CPU DeviceContext expansion. DeviceContext(api="cpu") is now usable as a stream-ordered execution context for CPU work, paving the way for NUMA-aware CPU dispatch.
- Added DeviceContext.enqueue_cpu_function() and DeviceContext.enqueue_cpu_range() for stream-ordered execution of host functions on CPU DeviceContext instances. enqueue_cpu_function enqueues a single host function; enqueue_cpu_range enqueues a parallel range whose tasks run concurrently but are stream-ordered relative to surrounding work. Argument passing is not yet supported.
- parallelize, parallelize_over_rows (in std.algorithm.backend.cpu.parallelize), and the elementwise overloads in std.algorithm.functional now accept an optional trailing ctx: Optional[DeviceContext] = None. When supplied, the provided CPU DeviceContext is forwarded to sync_parallelize; when omitted, the previous behavior is preserved.

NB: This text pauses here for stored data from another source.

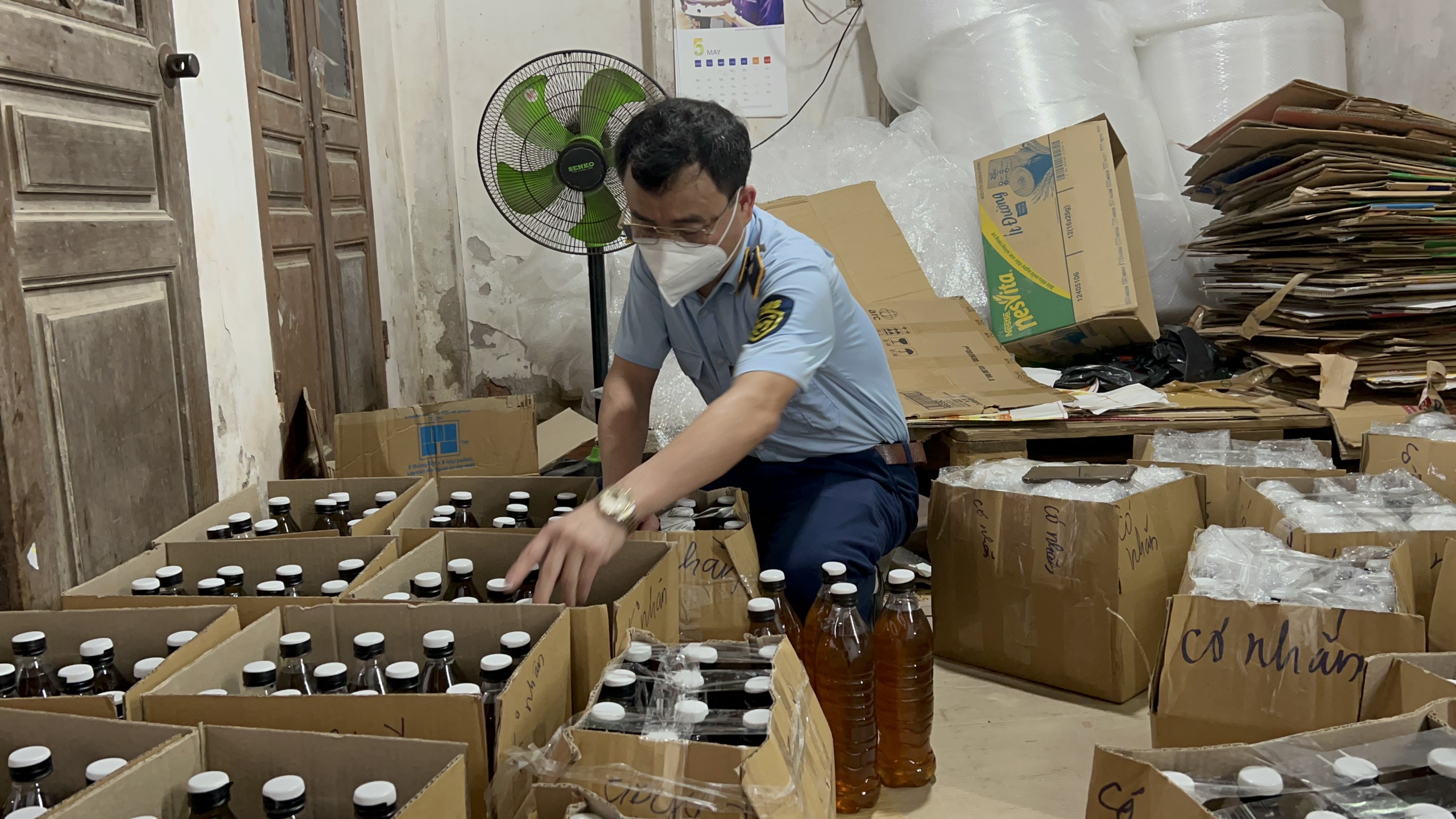 Hơn 2.000 lít mật ong mang thương hiệu "mật ong hoa nhãn" được chế biến từ đường, nha và nước cốt mạch vừa bị Đội Quản lý thị trường (QLTT) số 24, Cục QLTT thành phố Hà Nội phối hợp với Đội Cảnh sát điều tra tội phạm về kinh tế và ma tuý, Công an huyện Hoài Đức bất ngờ kiểm tra và thu giữ sau thời gian dài nắm bắt địa bàn và thẩm tra xác minh thông tin.
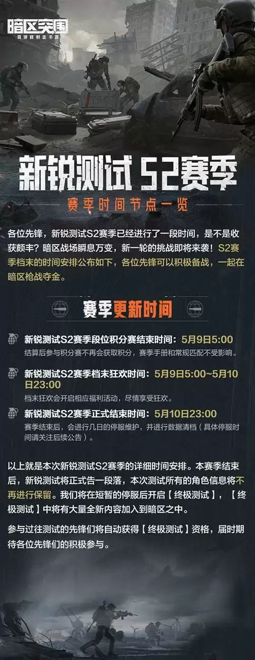 《暗区突围》新锐测试结束时间已经确定,同时对于S2赛季的信息时间进行了安排,游戏在赛季结束之后会对游戏进行优化调整,之后会对游戏进行终极测试,参与过新锐测试的玩家都自动获得资格,下面一起来看下具体内容。
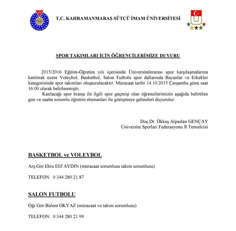 Üniversitemiz Spor Takımlarına Katılmak İsteyen Öğrencilerin Dikkatine

- Added a parallelism_level() overload that takes a CPU DeviceContext and returns the thread-pool size for that specific context, enabling NUMA-specific introspection.

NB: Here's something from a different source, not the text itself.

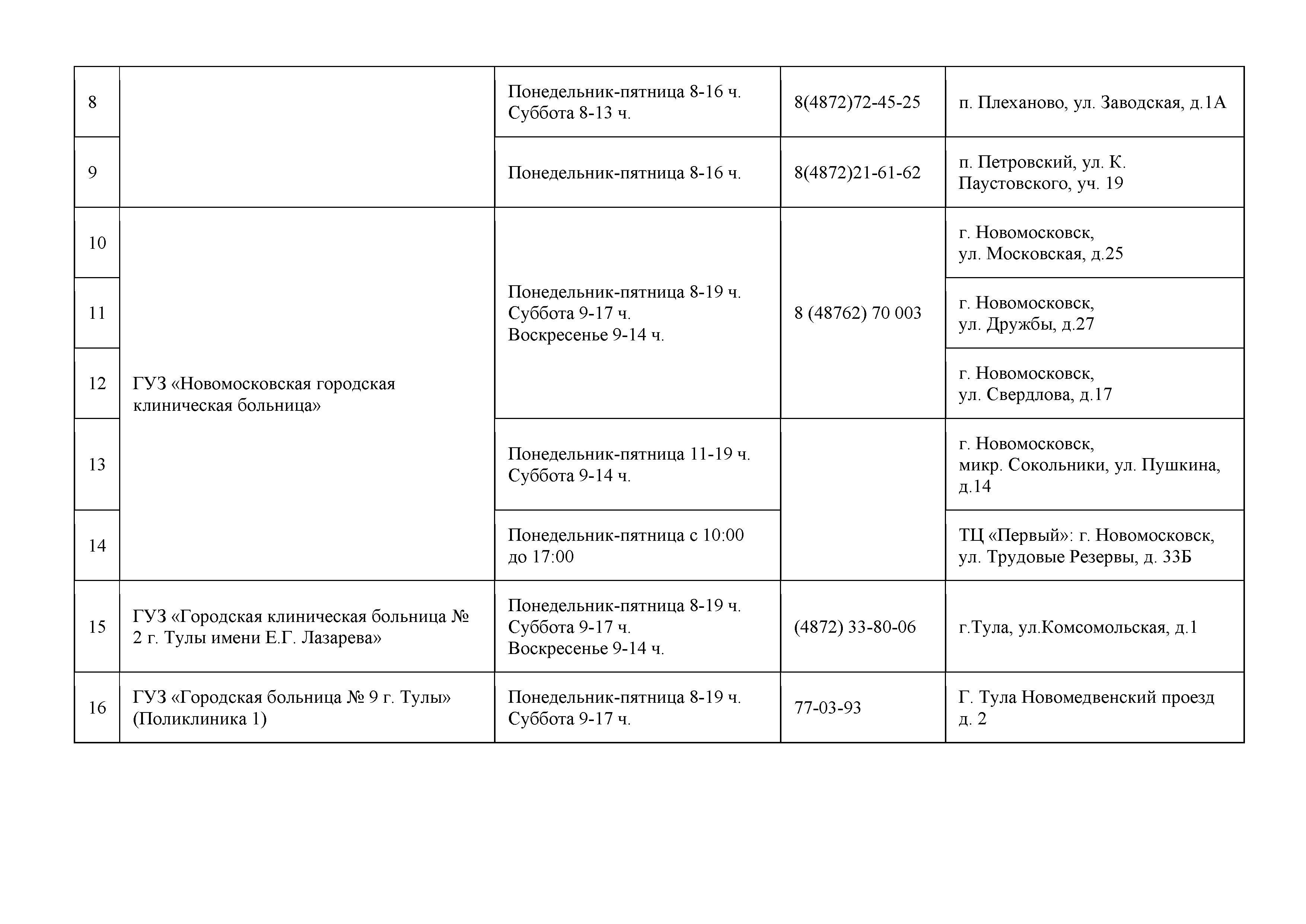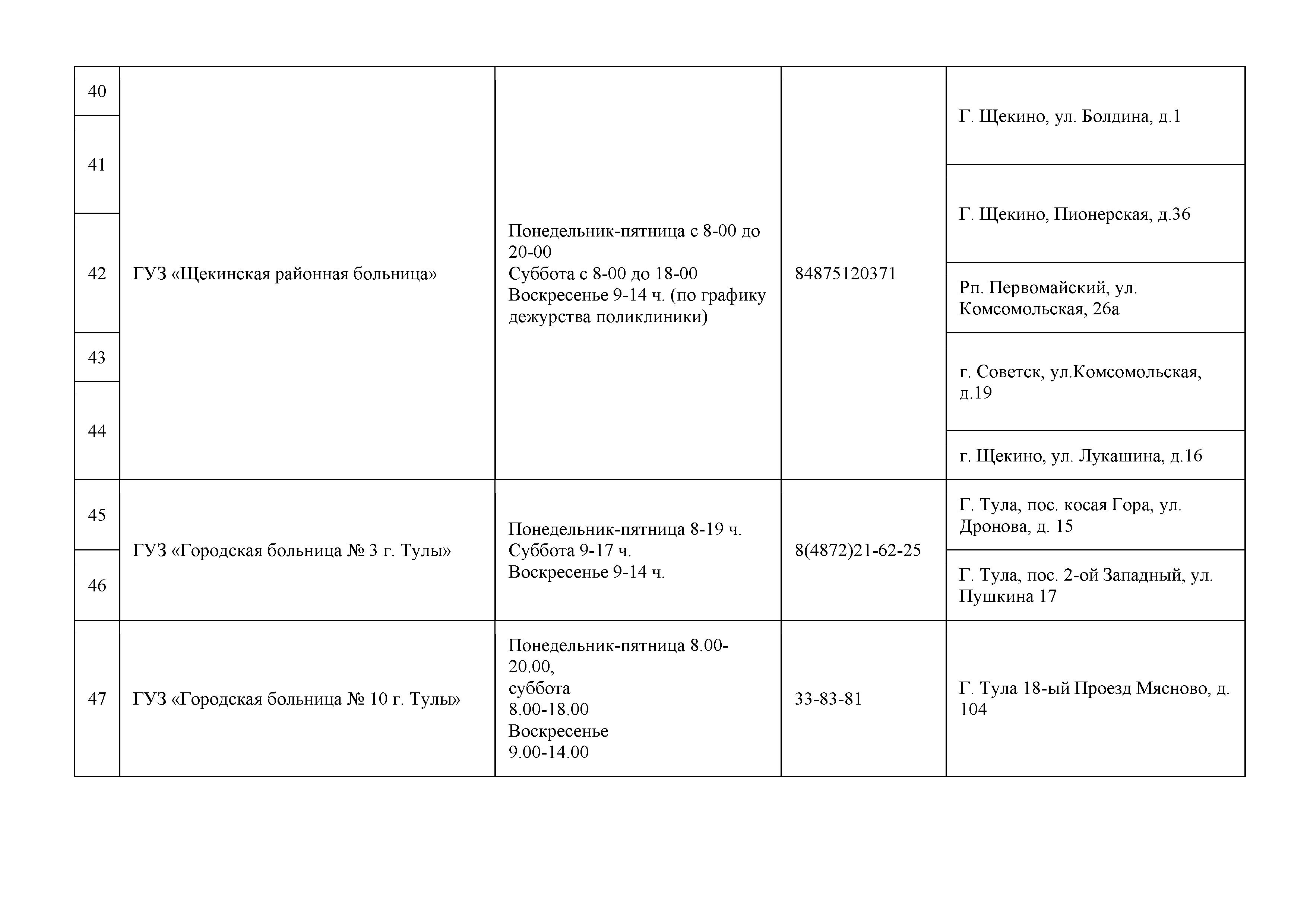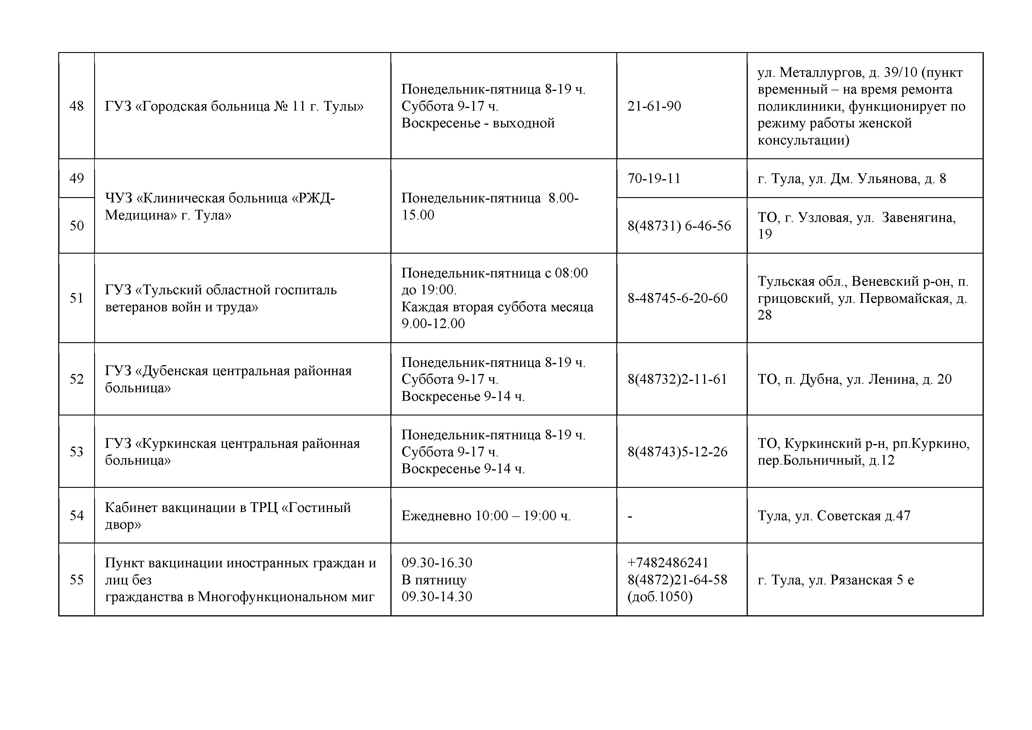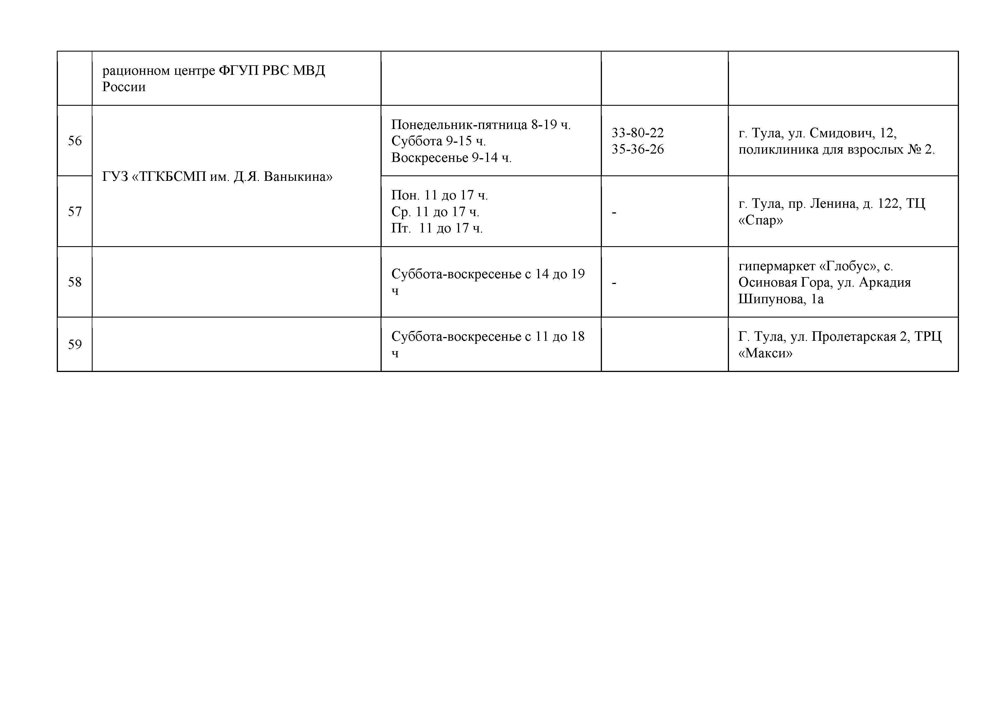 Сообщаем также адреса прививочных пунктов и графики их работы:

Readable GPU kernel names in profilers. GPU kernels in the standard library and across MAX kernels (elementwise, GEMV, multistage matmul, attention, convolution, MoE, normalization, quantization, BMM, grouped matmul, SM100 matmul, AMD matmul, communication, and sampling) now expose human-readable names in profiler traces such as Nsight Systems, replacing previously mangled KGEN symbols.

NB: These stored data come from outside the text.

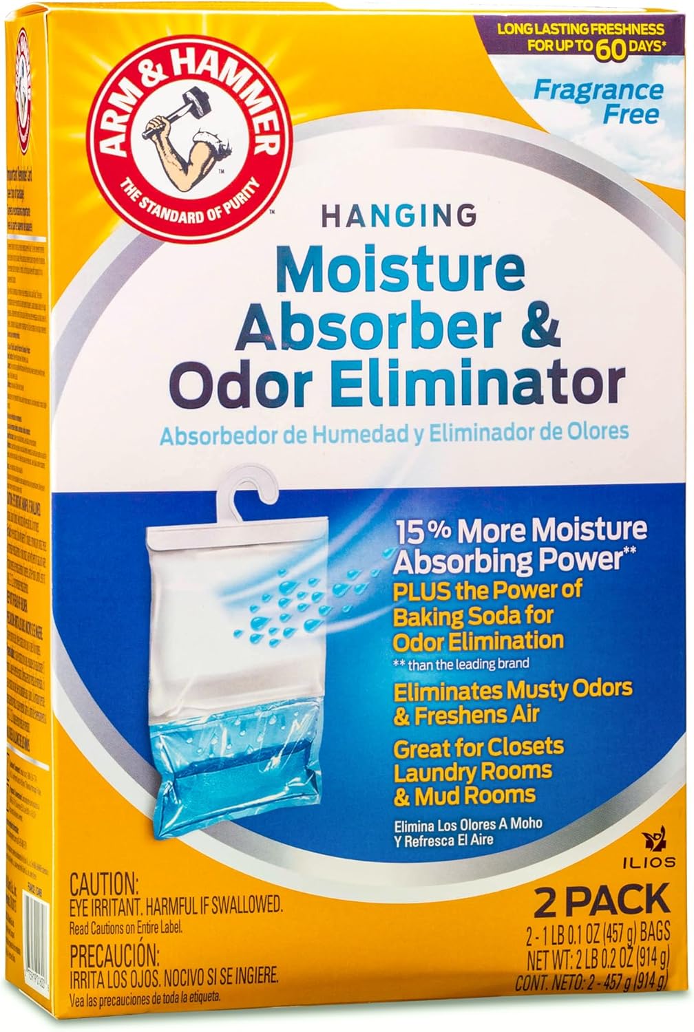 Hammer Hanging Moisture Absorbers and Odor Eliminator – 1 Fragrance Free & 1 Clean Burst – Humidity Packs Traps Moisture – Fresher Air – Humidity Absorber Dehumidifier Bags – 2 Pack, Packed by ILIOS
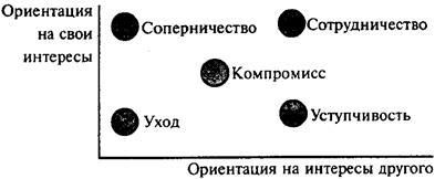 Каждая из этих возможностей предполагает соответствующие стратегии поведения участников конфликта. Один из используемых в конфликтологии практических подходов к классификации стратегий конфликтного взаимодействия (авторы У. Томас и Р. Килмен) берет за основу степень ориентации участников ситуации на свои собственные интересы и на сохранение взаимоотношений, и на основании этих двух переменных выделяет пять видов стратегий (см. схему).
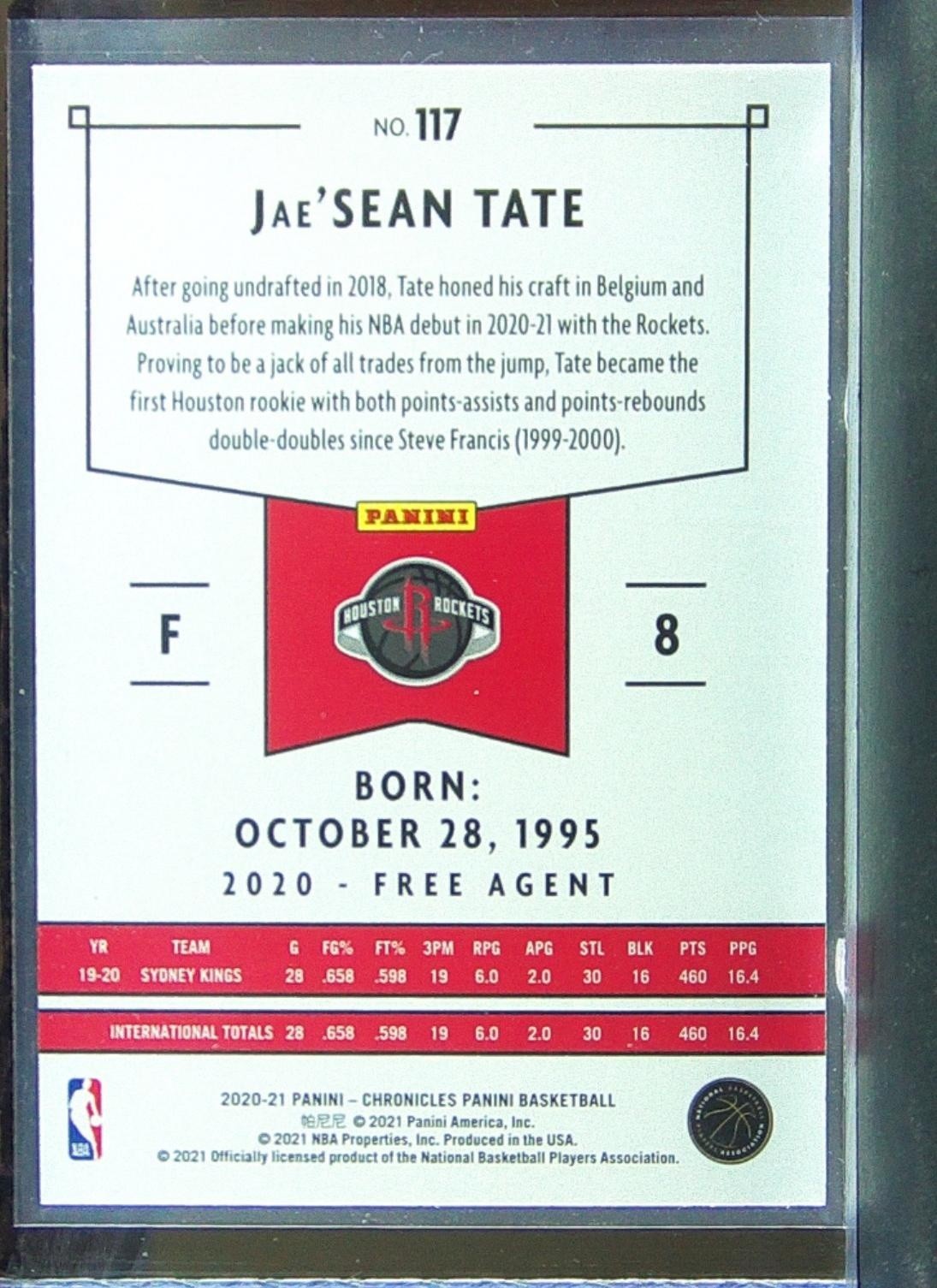 2020-21 Chronicles Jae'Sean Tate RC #117 Rockets

tile_io module for TileTensor data movement. Added a tile_io module providing TileTensor copier traits and copy utilities for moving data between memory hierarchies (DRAM/SRAM). The module includes:
- GenericToSharedAsyncTileCopier, which moves a TileTensor from generic memory into shared memory via NVIDIA's cp.async. On AMD and Apple GPUs the underlying async_copy falls back to synchronous loads/stores.
- An optional swizzle: Swizzle parameter on GenericToSharedAsyncTileCopier, mirroring the swizzled write path in LocalToSharedTileCopier.
- A masked: Bool = False parameter on GenericToSharedAsyncTileCopier. When enabled, out-of-bounds vectors receive a zero-byte copy with zero-fill, matching LayoutTensor.copy_from_async[is_masked=True, fill=Fill.ZERO].
- An AsyncTileCopier trait abstracting copier conformance.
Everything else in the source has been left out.